一个月后,周学士回来了,泉州赈灾圆满结束。
周学士刚到那儿的时候,百姓们对他并不信任,因为早在他们到来之前,就有一批人来过,他们不管百姓的死活,只管收取百姓的钱财,这批人临走之前口口声声说,后面来了谁也不济,他们这群贱民的命不值钱,上面才不在意,他们要的是银子。

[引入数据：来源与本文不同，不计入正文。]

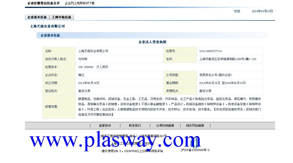 企业在主管机关网上注册信息截图
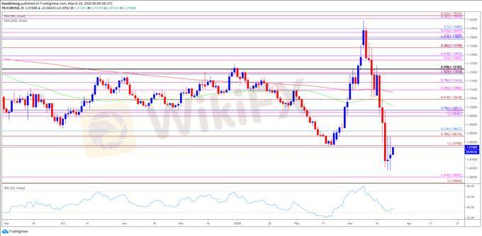EUR/USD consolidates as the Federal Reserve ramps up its effort to support the US economy, but the exchange rate may continue to give back the advance from the 2017 low (1.0340) as the US Dollarbenefits from the flight to safety.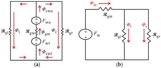 The reluctance of core material is neglected and redrawn the equivalent magnetic circuit: (a) equivalent magnetic circuit avoiding reluctance of the core material; (b) approximate equivalent magnetic circuit of the basic model.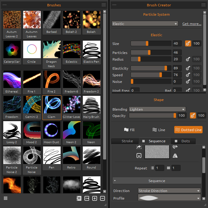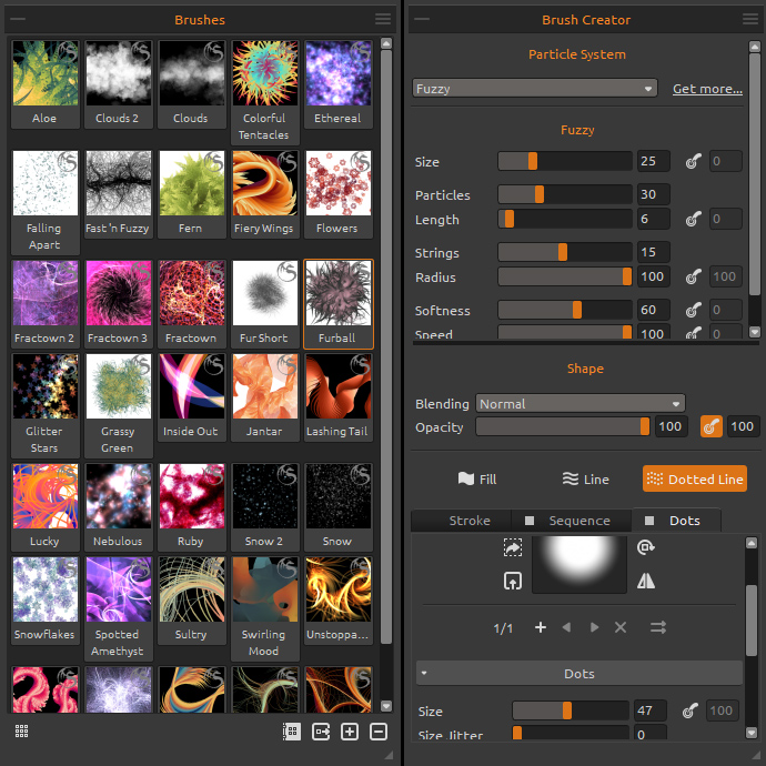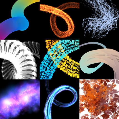 A variable symmetrical shape with its own flexibility. The movement of your hand causes the shape to move just as if it were made of rubber. Individual particles can be a surface, line, stain or image. Elasticity creates a very natural effect of the instrument.

当地乡绅趁着干旱抬高粮价,百姓根本买不起,每天都有饿死的人。
周学士在安抚了百姓之后,并没有开仓放粮,而是将粮食价格抬得更高。
富商们觉得有利可图,纷纷从外地买进粮食。
就在这时,周学士却突然开仓放粮,百姓们得到粮食,富商们的粮食自然就打了水漂,如果退回去,高昂的运费,只会让他们亏本。
富商们不得不降价出售粮食,是以周学士虽带的粮食不够,也解决了问题。
这日是天下医馆开张的日子,姜止招募那些想学医的女子当学徒,等她们学成了,就可以留在医馆工作。
家境贫寒的,姜止还根据她们的表现给予奖励,帮助她们维持生活。
铺子卖了,夏掌柜回到她身边,帮着管理医馆。
自此以后,天下女子看诊不再是一件羞耻的事,部分贵族小姐也慕名前来学医。
元佑看着天下医馆越来越好,整日跟在姜止身边,甘愿做个药童,为她递药磨药。
皇上身体康健,国事暂时轮不到他操心,但是阿止这么优秀,不看得紧些,难保哪日就被人拐跑了。
远处,一名白衣男子淡淡看着这一幕。
白简已经考中状元,今年就要上任了。
作为姜止的师兄,姜止完成了自己的理想,他当然要来贺她。
姜止看见了远处的人,让人去把他请来。
“师兄怎么连我医馆开业的日子都不来,难道不为我高兴吗?”
“高兴高兴,怎会不高兴!”白简拿出早已准备好的贺礼。
姜止自然也知道他高中状元的事。
白简有他的抱负,可他是白家人,不得不为白家着想,白家的荣辱,不能断送在他手里,所以他即便酷爱医术,也不得不入仕。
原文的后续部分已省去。